Update 10 June 2013 – I replaced the two graph images. No idea why, but they weren’t displaying properly in some browsers.
Many of you may already know this occasionally updated analysis by Bob Muenchen – if not, go and check it out. The results, and the discussion in the comments, are fascinating. The strange pattern I see is that the total number of Google Scholar citations which mention any stats software peaked in 2007 and has been rapidly declining since then.
So, I wondered whether we used to have a fashion for naming the software in learned papers, and have more recently given up on this. You know the sort of thing: “All analyses were conducted in Stata/SE version 11.2 (StataCorp, 2010)”. Textbooks on writing for publication say that is good practice, but how many of us still bother? If so, we have given up on it very fast.
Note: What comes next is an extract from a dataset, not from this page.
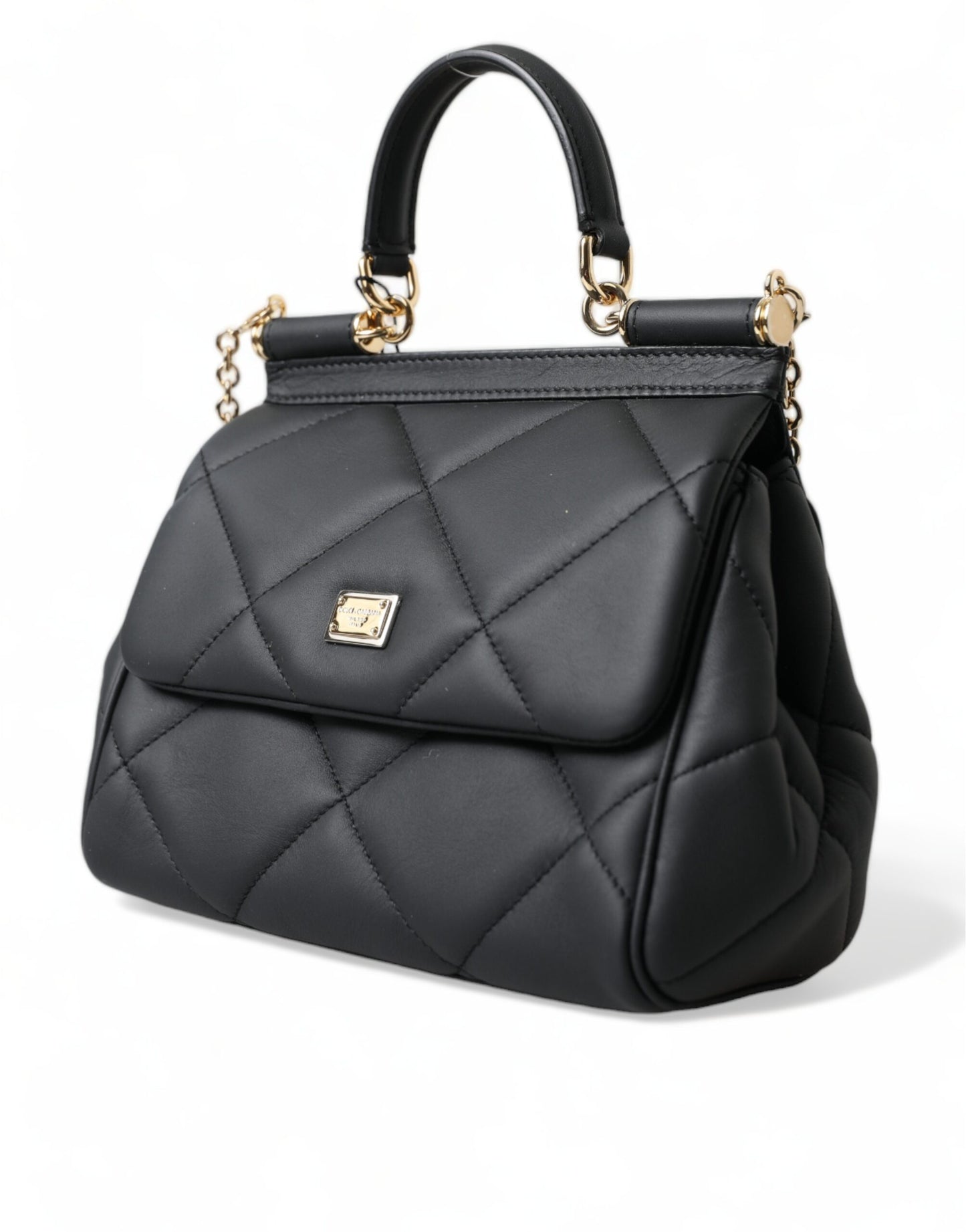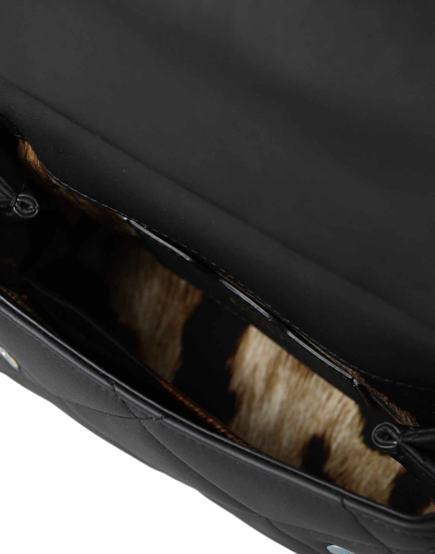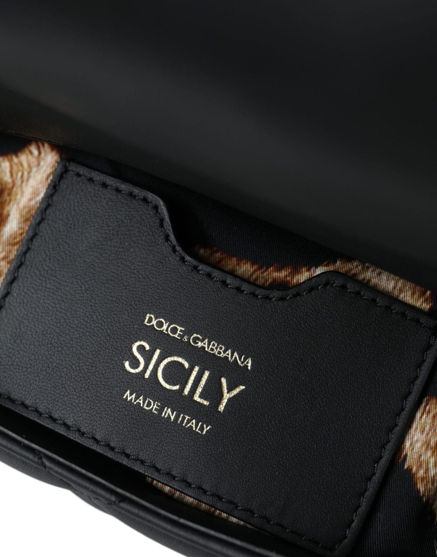 Indulge in the epitome of Italian luxury with the exquisite Dolce & Gabbana Sicily Shoulder Bag. This stunning accessory is more than just a bag; it’s a statement of style and sophistication. Perfect for any occasion, it dazzles with its gold metal detailing against the classic black leather, complemented by the brand’s signature leopard print lining.

As a percentage of this whole, SPSS has been declining since 2005, SAS has stayed pretty much in the same ballpark, while R and Stata have increased in very similar fashion. R might be slightly ahead, but I wouldn’t want to call it. It looks like the switch is from SPSS to Stata or R. Either people are learning new packages, or the SPSS generation is retiring, though the unquenchable appetite of my students for all things point-and-click and Andy Field suggest it is not the latter. I suspect that IBM’s hilarious re-re-re-branding exercises haven’t exactly helped. I mean, how can you cite the software in the paper when you don’t even know what it’s called?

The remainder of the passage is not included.